- _Input for this task_:
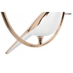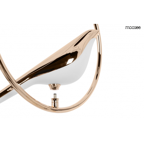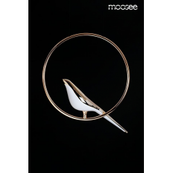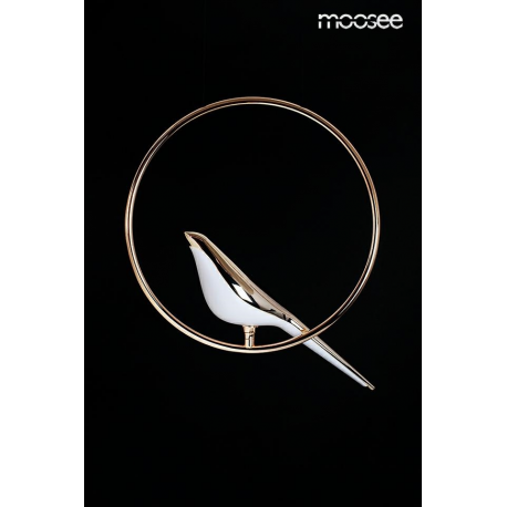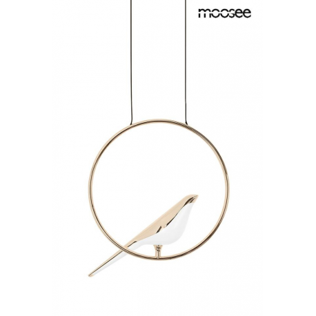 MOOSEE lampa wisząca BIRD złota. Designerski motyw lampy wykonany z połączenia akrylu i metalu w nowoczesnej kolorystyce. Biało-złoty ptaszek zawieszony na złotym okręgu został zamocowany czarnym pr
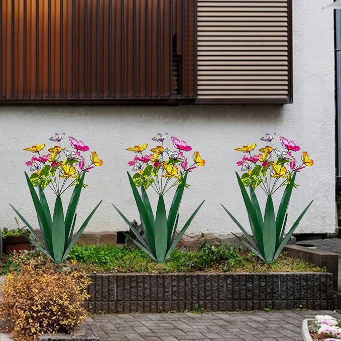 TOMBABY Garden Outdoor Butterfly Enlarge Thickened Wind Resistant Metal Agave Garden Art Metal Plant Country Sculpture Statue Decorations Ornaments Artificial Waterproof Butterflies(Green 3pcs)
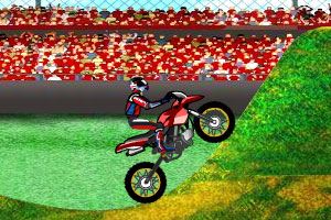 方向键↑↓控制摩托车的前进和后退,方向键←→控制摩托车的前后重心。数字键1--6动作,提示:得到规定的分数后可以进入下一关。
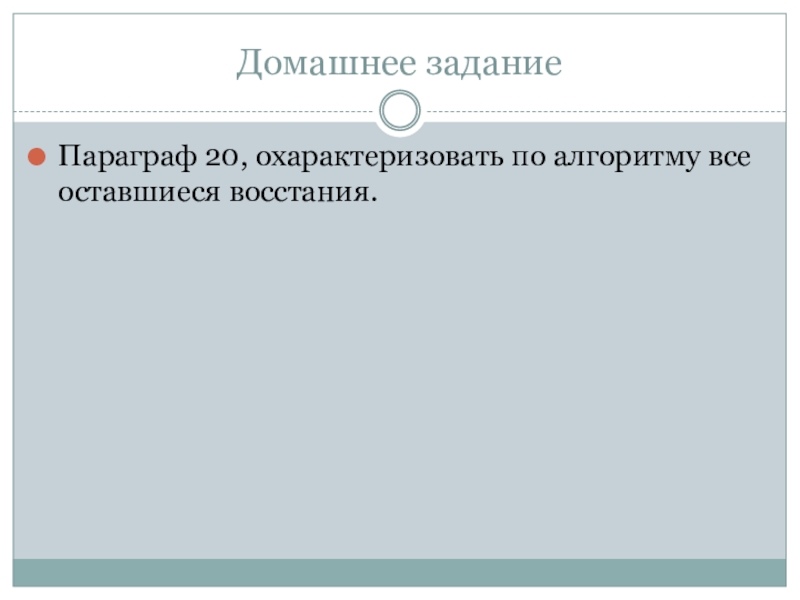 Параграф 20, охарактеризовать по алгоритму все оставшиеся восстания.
* * *
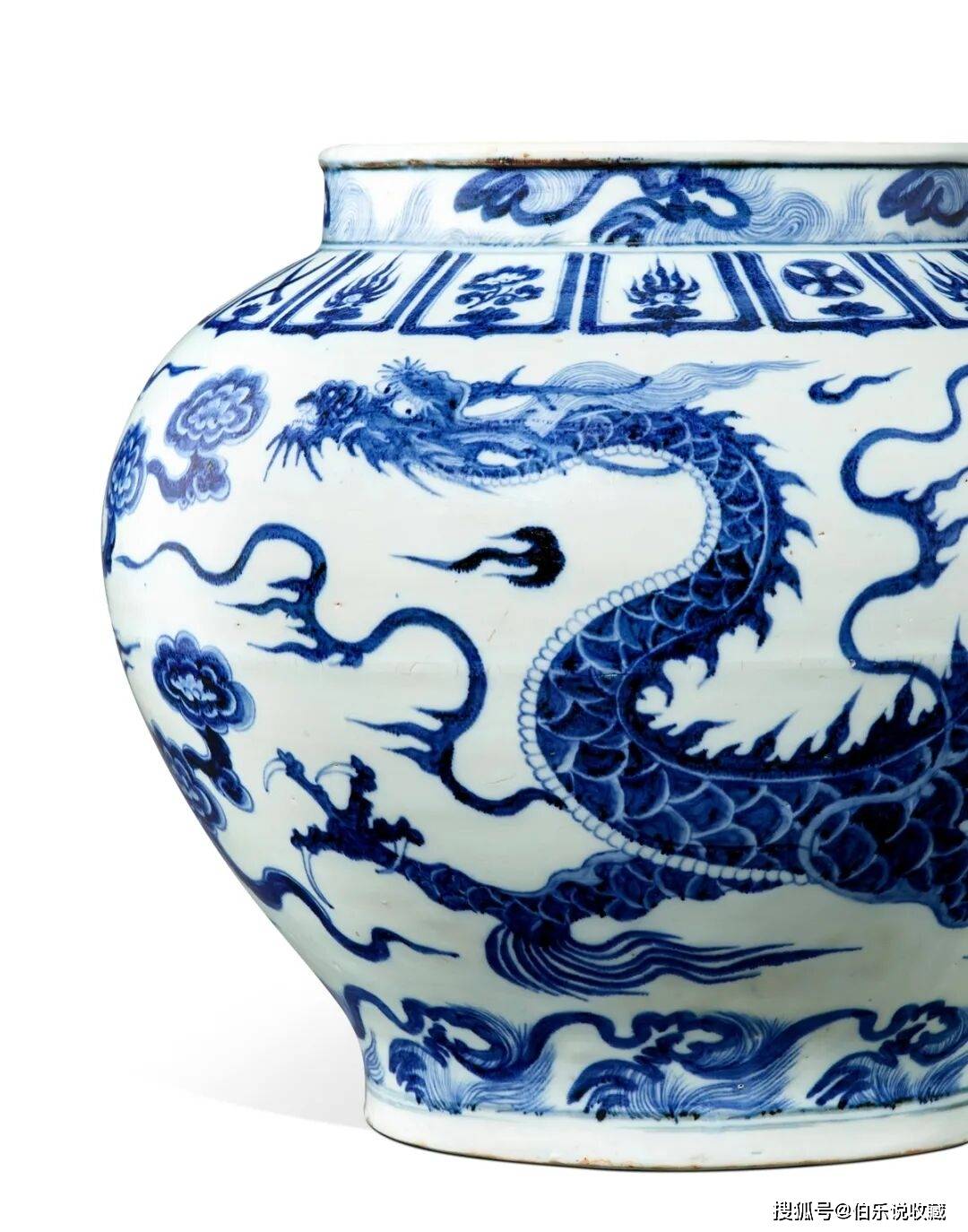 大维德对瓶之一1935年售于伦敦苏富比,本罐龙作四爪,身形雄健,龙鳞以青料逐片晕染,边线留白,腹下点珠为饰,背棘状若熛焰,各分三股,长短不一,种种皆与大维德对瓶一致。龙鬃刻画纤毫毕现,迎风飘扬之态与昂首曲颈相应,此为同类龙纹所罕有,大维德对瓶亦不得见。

- _Task_: Return the lines above from the one with "MOOSEE lampa wisząca" through the one with "Параграф 20, охарактеризовать", verbatim and nothing else. Omit every picture.

- _Solution to the problem_:
 MOOSEE lampa wisząca BIRD złota. Designerski motyw lampy wykonany z połączenia akrylu i metalu w nowoczesnej kolorystyce. Biało-złoty ptaszek zawieszony na złotym okręgu został zamocowany czarnym pr
 TOMBABY Garden Outdoor Butterfly Enlarge Thickened Wind Resistant Metal Agave Garden Art Metal Plant Country Sculpture Statue Decorations Ornaments Artificial Waterproof Butterflies(Green 3pcs)
 方向键↑↓控制摩托车的前进和后退,方向键←→控制摩托车的前后重心。数字键1--6动作,提示:得到规定的分数后可以进入下一关。
 Параграф 20, охарактеризовать по алгоритму все оставшиеся восстания.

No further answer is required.